Introduction
Osteochondral lesions of the talus (OLT) are widely recognized as a common pathologic source of ankle pain and account for a large number of patient evaluations every year. Many surgical techniques have been established for both open and arthroscopic management of these lesions for patients who have failed conservative management strategies.8,12 Because of growing interest and support for arthroscopic management of these lesions, it has become increasingly important to develop preoperative evaluation methods to determine which lesions are amenable to standard arthroscopic evaluation and treatment vs the use of alternative strategies including posterior ankle arthroscopy, open arthrotomy, or malleolar osteotomy. 12 Prior studies have focused on standard evaluation techniques including history and physical examination, weightbearing and standard radiographs, nonweightbearing computed tomography (CT) scans, magnetic resonance imaging (MRI), and bone phase scintigraphy (bone scan). 11
More recently, a modified CT scan protocol has been developed with the ankle held in a maximum plantarflexion position to estimate which lesions are accessible by standard anterior ankle arthroscopy based on the location of the lesion relative to the anterior tibial plafond. 10 Although this study did demonstrate excellent correlation between CT and arthroscopic measurements, the authors were unable to provide clinical guidance for which approach to use for each lesion location because of the inherent variability of lesions, tissue quality, surgeon comfort and skill level with arthroscopy, and variable instrumentation. Additionally, the custom jig that they developed for this study is not readily available to most surgeons and therefore represents a barrier to widespread use of this technique. The purpose of this case presentation is to outline a simple method for preoperative planning using a maximum plantarflexion lateral ankle radiograph, which can be performed with standard radiographic equipment, to elucidate similar information as that seen in this previous CT based study.
Case Presentation
The following case is a representative example of the preoperative evaluation of an OLT using a maximum plantarflexion radiograph to determine appropriateness of using a standard anterior ankle arthroscopic approach. A 25-year-old woman presented to the clinic approximately 3 years after initial injury to the left ankle sustained while skiing. This was treated conservatively with the working diagnosis of an acute lateral ankle sprain. She had initial improvement in her pain, but after resuming normal activities, she noted persistent anteromedial ankle pain that was limiting her function. She noted some relief in her symptoms with the use of a lace-up ankle brace and intermittent oral nonsteroidal anti-inflammatory drug use, but also noted occasional painful clicking in her ankle. She had no other prior history of significant ankle injury and otherwise no pertinent medical or surgical history. She had a body mass index of 24.8.

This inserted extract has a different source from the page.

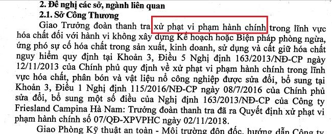 Bên cạnh đó, Friesland Campina có sử dụng 314 hóa chất các loại để phục vụ hoạt động sản xuất được lưu trong 07 kho với các hóa chất như NH3, Gas, HNO3…Theo quy định tại Điểm a, khoản 1, Điều 9 Thông tuư 32/2017/TT-BCT ngày 28/12/2017 của Bộ Công Thương về quy định và hướng dẫn thi hành một số điều luật của Luật hóa chất và Nghị định số 113/2017/NĐ-CP của Thủ tướng Chính phủ ngày 09/10/2017 thì Friesland Campina chưa thực hiện báo cáo tình hình hoạt động hóa chất.

Prior to presentation to our foot and ankle orthopaedic clinic, she had outside evaluation and imaging including weightbearing radiographs (Figure 1) and subsequent noncontrast MRI of the left ankle (Figure 2). This imaging demonstrated an OLT in the posteromedial talar dome measuring approximately 12 × 8 mm with irregular articular cartilage and mild cystic changes underlying the subchondral surface with a maximal depth of about 7 mm. There was no collapse of the subchondral plate at the talar dome. The lesion was abutting the medial shoulder without involvement of the medial articular surface, and lay within the posterior half of the talar dome as seen on the sagittal MRI (Figure 3).
Figure 1.
Mortise anteroposterior and lateral weightbearing radiographs of a left ankle in a skeletally mature individual demonstrating a cystic lesion in the posteromedial talar dome consistent with an osteochondral lesion of the talus (OLT) with otherwise normal alignment and architecture of the ankle mortise without collapse.
Figure 2.
Select images from both fat and fluid magnetic resonance imaging (MRI) sequences of a left ankle in a skeletally mature patient in a nonweightbearing fashion without the use of contrast. These demonstrate an OLT in the posteromedial talar dome measuring approximately 12 × 8 mm with irregular articular cartilage and mild cystic changes underlying the subchondral surface with a maximal depth of about 7 mm. The remaining MRI scans did not yield any further pathology aside from this OLT.
Figure 3.
Cropped image of the previously displayed sagital magnetic resonance imaging showing that approximate location of the osteochondral lesion of the talus within the posterior half of the talar dome.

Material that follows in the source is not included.